Look below for the line holding "교육 최준규 기자2026." and the line holding "En quelle année". Transcribe exactly those lines and all lines between them, nothing more.

Supplied entries →
┄┄┄┄┄┄┄┄┄┄

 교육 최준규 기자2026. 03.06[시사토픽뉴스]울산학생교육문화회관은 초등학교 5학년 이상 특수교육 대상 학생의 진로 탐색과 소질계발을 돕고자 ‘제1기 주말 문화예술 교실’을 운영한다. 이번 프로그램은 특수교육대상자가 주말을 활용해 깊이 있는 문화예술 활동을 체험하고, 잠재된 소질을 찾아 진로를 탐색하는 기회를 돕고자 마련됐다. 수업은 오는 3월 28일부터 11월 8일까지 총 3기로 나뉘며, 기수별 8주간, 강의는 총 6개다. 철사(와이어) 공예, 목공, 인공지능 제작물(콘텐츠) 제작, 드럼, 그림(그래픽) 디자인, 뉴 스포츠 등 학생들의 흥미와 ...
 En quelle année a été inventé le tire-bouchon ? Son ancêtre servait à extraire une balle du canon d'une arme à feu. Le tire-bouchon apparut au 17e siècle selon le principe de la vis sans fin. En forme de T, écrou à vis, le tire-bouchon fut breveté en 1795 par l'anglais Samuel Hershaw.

┄┄┄┄┄┄┄┄┄┄

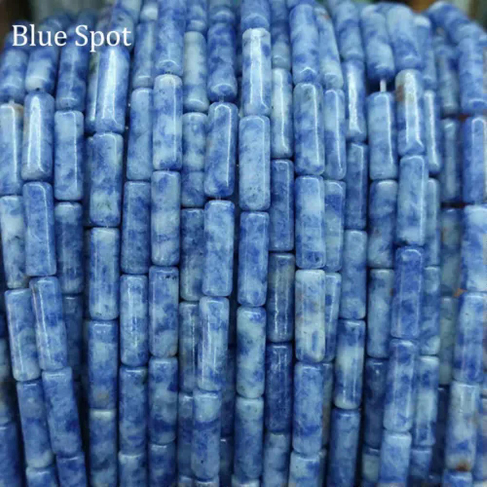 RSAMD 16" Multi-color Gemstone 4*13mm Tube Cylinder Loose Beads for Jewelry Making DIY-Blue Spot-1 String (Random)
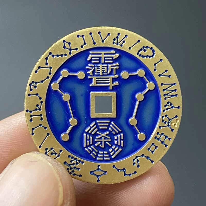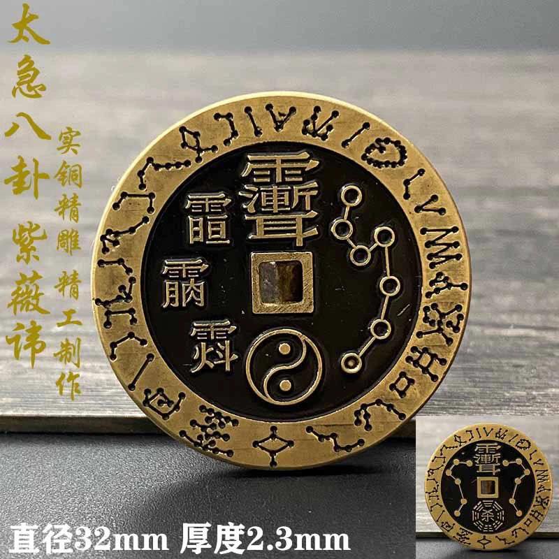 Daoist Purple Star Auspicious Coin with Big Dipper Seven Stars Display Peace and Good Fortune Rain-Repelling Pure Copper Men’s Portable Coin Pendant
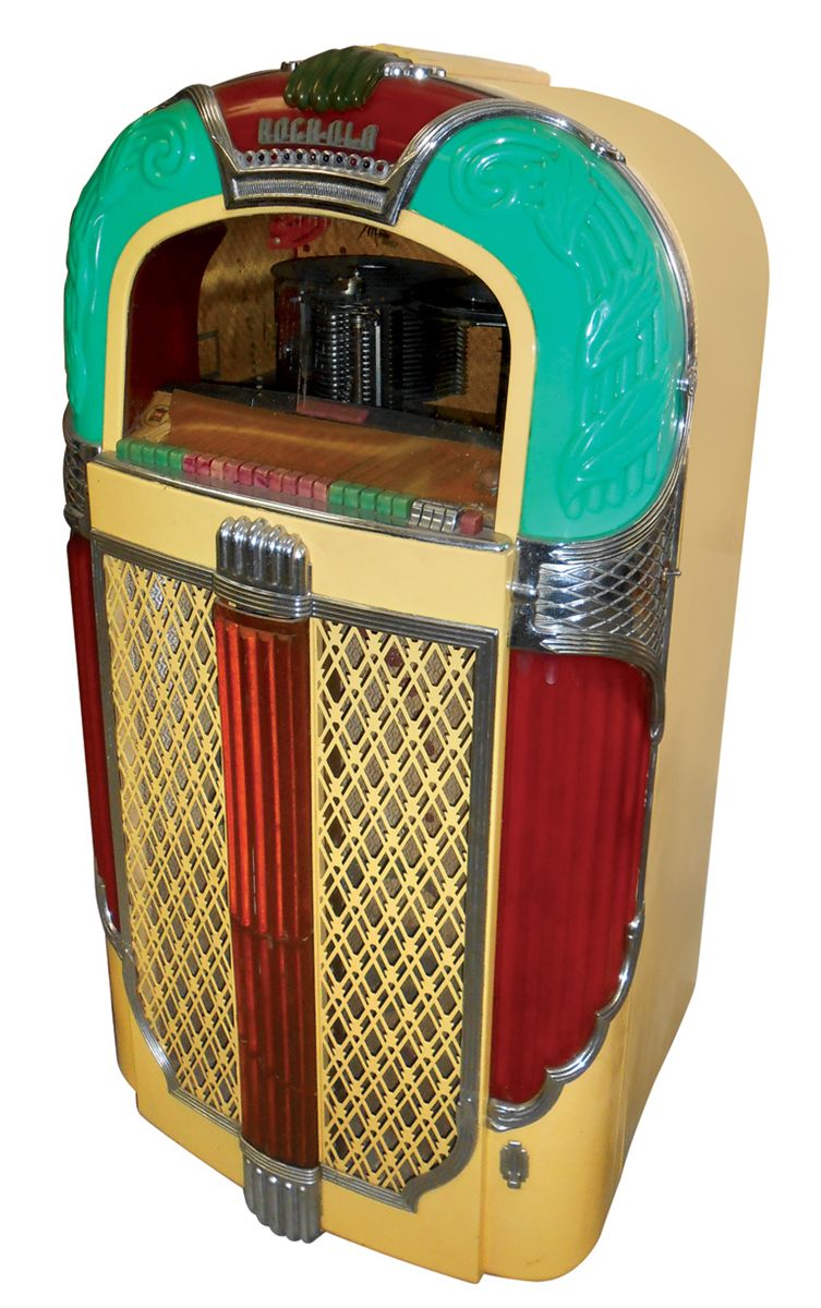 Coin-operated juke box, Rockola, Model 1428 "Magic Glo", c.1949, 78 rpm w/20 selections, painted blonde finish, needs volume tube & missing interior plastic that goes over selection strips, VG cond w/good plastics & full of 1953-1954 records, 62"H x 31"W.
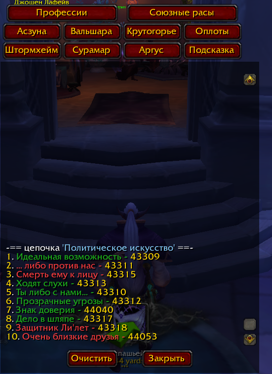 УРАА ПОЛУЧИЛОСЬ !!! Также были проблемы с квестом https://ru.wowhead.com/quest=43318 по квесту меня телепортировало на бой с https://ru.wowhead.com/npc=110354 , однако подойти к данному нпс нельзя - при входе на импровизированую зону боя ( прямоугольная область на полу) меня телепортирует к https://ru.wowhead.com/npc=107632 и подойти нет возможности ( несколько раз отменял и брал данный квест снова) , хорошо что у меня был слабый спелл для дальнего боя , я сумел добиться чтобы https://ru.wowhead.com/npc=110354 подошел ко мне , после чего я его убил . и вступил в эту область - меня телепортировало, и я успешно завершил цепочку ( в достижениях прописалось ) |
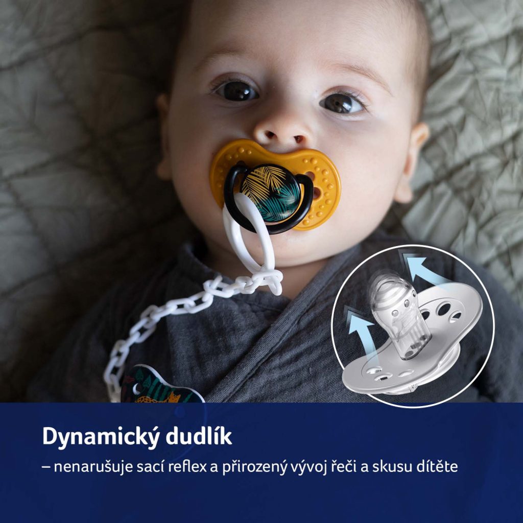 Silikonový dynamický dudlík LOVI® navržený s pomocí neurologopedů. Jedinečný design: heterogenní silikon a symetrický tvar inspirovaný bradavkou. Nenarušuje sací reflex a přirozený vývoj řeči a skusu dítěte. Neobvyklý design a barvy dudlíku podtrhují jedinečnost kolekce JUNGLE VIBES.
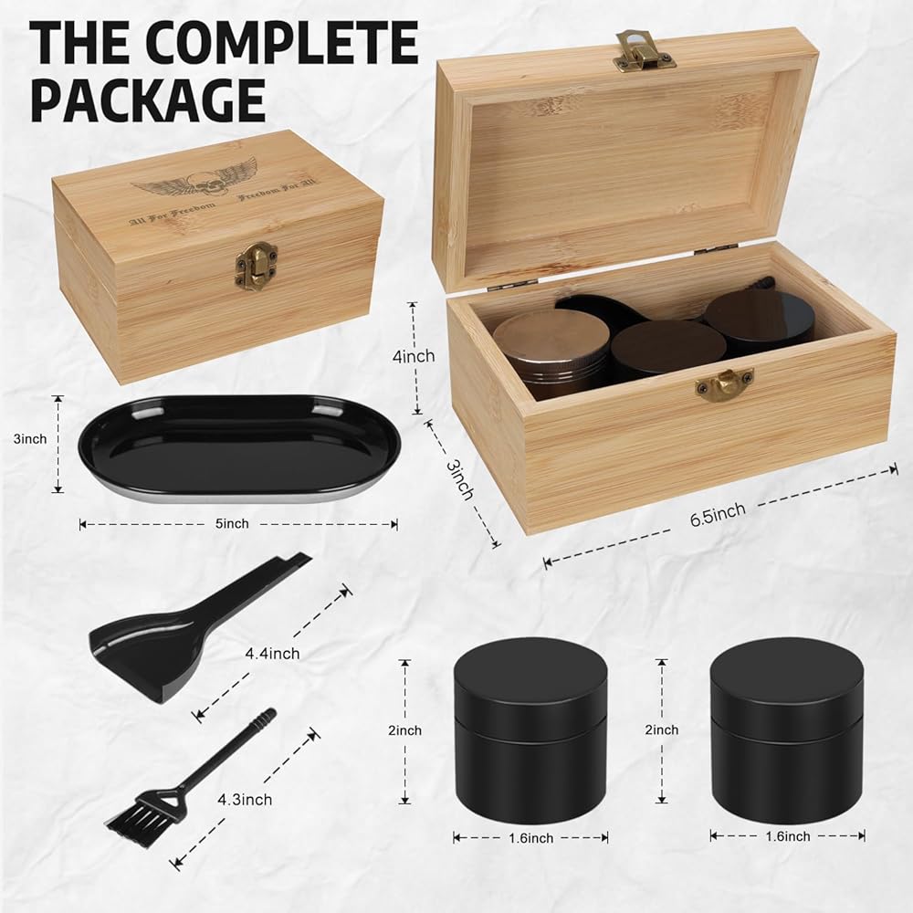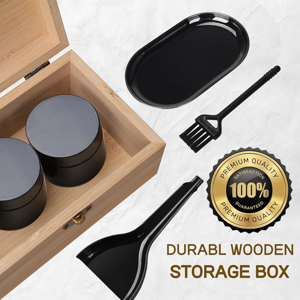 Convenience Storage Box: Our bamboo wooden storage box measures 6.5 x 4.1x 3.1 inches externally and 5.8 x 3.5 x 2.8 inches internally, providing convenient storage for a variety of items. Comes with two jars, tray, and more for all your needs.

┄┄┄┄┄┄┄┄┄┄

Answer box →
 교육 최준규 기자2026. 03.06[시사토픽뉴스]울산학생교육문화회관은 초등학교 5학년 이상 특수교육 대상 학생의 진로 탐색과 소질계발을 돕고자 ‘제1기 주말 문화예술 교실’을 운영한다. 이번 프로그램은 특수교육대상자가 주말을 활용해 깊이 있는 문화예술 활동을 체험하고, 잠재된 소질을 찾아 진로를 탐색하는 기회를 돕고자 마련됐다. 수업은 오는 3월 28일부터 11월 8일까지 총 3기로 나뉘며, 기수별 8주간, 강의는 총 6개다. 철사(와이어) 공예, 목공, 인공지능 제작물(콘텐츠) 제작, 드럼, 그림(그래픽) 디자인, 뉴 스포츠 등 학생들의 흥미와 ...
 En quelle année a été inventé le tire-bouchon ? Son ancêtre servait à extraire une balle du canon d'une arme à feu. Le tire-bouchon apparut au 17e siècle selon le principe de la vis sans fin. En forme de T, écrou à vis, le tire-bouchon fut breveté en 1795 par l'anglais Samuel Hershaw.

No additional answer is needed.